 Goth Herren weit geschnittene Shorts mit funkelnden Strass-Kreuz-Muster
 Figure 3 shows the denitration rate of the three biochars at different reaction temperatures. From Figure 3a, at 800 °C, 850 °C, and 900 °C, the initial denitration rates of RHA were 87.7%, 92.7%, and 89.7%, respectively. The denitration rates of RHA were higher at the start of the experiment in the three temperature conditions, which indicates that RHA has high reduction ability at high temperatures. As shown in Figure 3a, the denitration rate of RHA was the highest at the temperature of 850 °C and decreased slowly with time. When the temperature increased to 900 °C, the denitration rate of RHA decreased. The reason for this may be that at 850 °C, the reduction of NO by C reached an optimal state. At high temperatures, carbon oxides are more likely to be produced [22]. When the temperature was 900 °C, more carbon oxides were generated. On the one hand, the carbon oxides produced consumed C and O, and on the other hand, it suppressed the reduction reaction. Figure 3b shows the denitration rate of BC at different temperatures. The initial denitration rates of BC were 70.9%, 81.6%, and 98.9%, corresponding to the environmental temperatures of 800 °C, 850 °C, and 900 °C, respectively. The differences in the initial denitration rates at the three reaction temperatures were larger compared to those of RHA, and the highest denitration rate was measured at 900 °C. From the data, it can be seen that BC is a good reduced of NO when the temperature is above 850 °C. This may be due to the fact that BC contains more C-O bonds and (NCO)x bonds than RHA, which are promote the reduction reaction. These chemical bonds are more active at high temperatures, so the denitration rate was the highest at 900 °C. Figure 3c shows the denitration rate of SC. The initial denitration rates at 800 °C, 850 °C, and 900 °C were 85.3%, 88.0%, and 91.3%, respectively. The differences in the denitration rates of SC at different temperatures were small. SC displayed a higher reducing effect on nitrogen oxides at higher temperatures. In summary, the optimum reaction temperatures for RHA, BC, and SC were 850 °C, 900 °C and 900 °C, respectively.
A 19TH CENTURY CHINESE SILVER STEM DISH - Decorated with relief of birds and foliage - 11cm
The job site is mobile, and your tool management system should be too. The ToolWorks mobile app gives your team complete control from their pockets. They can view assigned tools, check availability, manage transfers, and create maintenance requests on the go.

--

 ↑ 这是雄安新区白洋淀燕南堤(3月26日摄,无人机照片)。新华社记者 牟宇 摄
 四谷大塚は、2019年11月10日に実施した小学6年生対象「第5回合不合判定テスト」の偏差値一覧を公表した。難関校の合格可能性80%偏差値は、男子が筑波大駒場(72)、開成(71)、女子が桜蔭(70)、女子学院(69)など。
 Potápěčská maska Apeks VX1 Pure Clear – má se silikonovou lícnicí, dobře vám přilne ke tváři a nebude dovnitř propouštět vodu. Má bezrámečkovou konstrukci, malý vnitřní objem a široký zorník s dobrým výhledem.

--

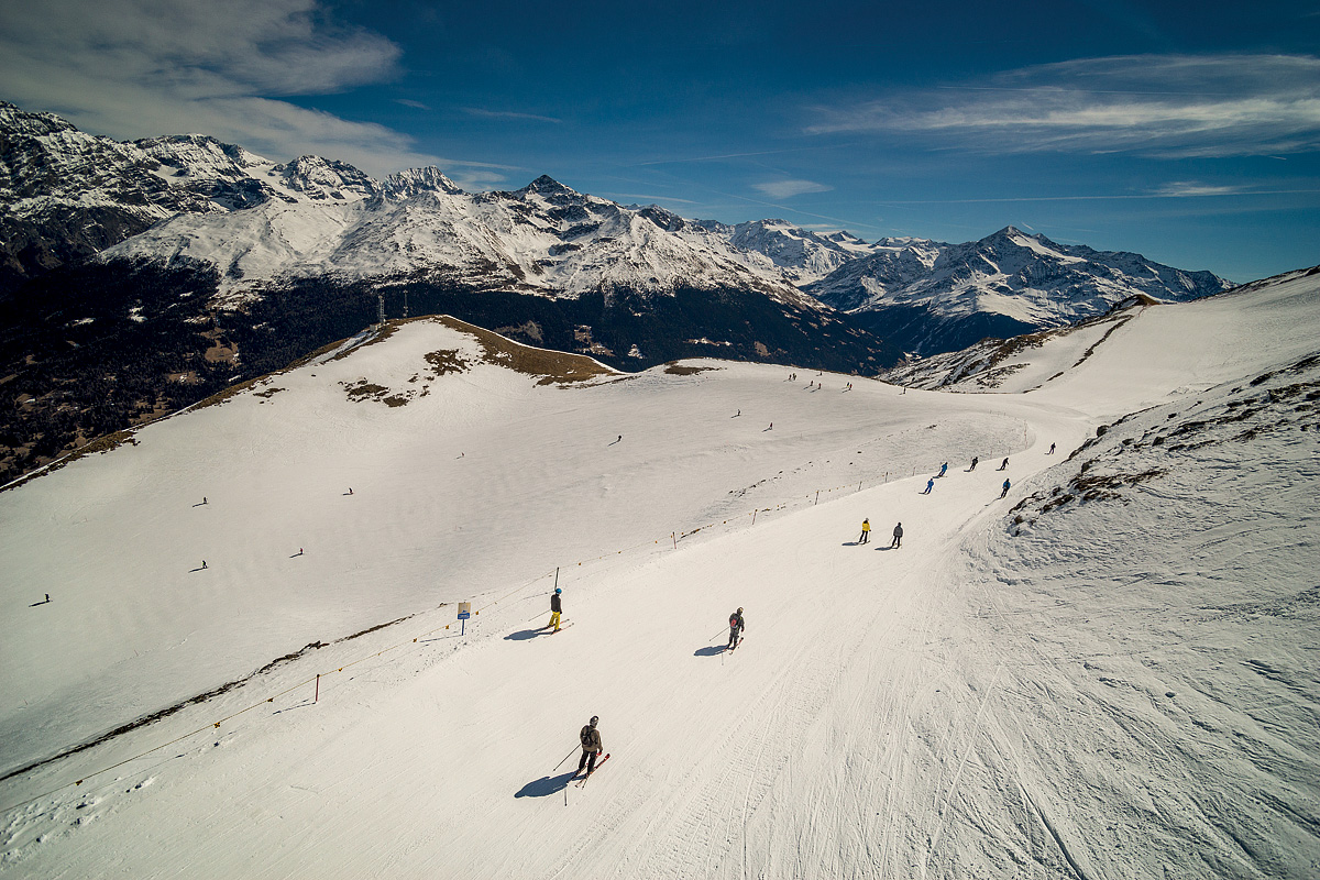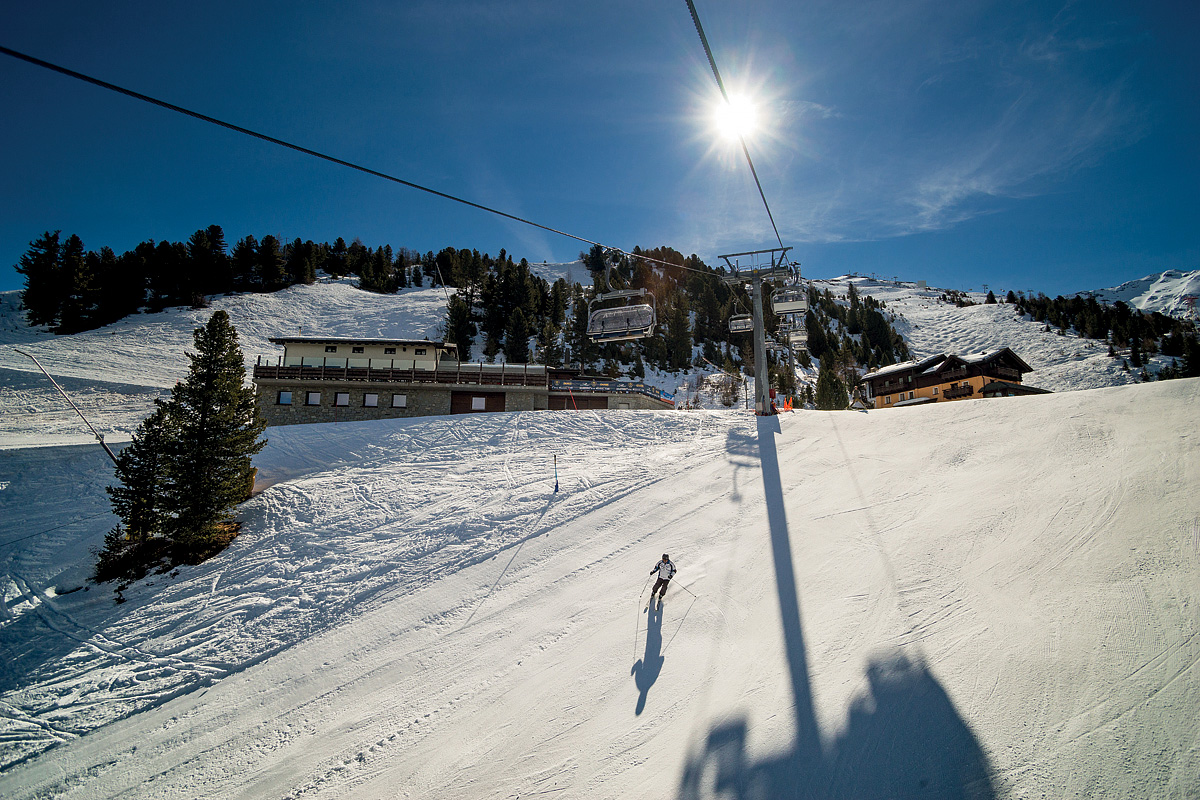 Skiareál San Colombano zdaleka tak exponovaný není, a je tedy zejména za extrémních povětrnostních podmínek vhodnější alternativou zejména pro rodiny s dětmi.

## HOW TO COMPLETE THIS TASK
Above are the records; repeat exactly the lines from the one holding "这是雄安新区白洋淀燕南堤(3月26日摄,无人机照片)。新华社记者 牟宇 摄" down to the one holding "Potápěčská maska Apeks", end lines included.

## FINISHED EXERCISE
 ↑ 这是雄安新区白洋淀燕南堤(3月26日摄,无人机照片)。新华社记者 牟宇 摄
 四谷大塚は、2019年11月10日に実施した小学6年生対象「第5回合不合判定テスト」の偏差値一覧を公表した。難関校の合格可能性80%偏差値は、男子が筑波大駒場(72)、開成(71)、女子が桜蔭(70)、女子学院(69)など。
 Potápěčská maska Apeks VX1 Pure Clear – má se silikonovou lícnicí, dobře vám přilne ke tváři a nebude dovnitř propouštět vodu. Má bezrámečkovou konstrukci, malý vnitřní objem a široký zorník s dobrým výhledem.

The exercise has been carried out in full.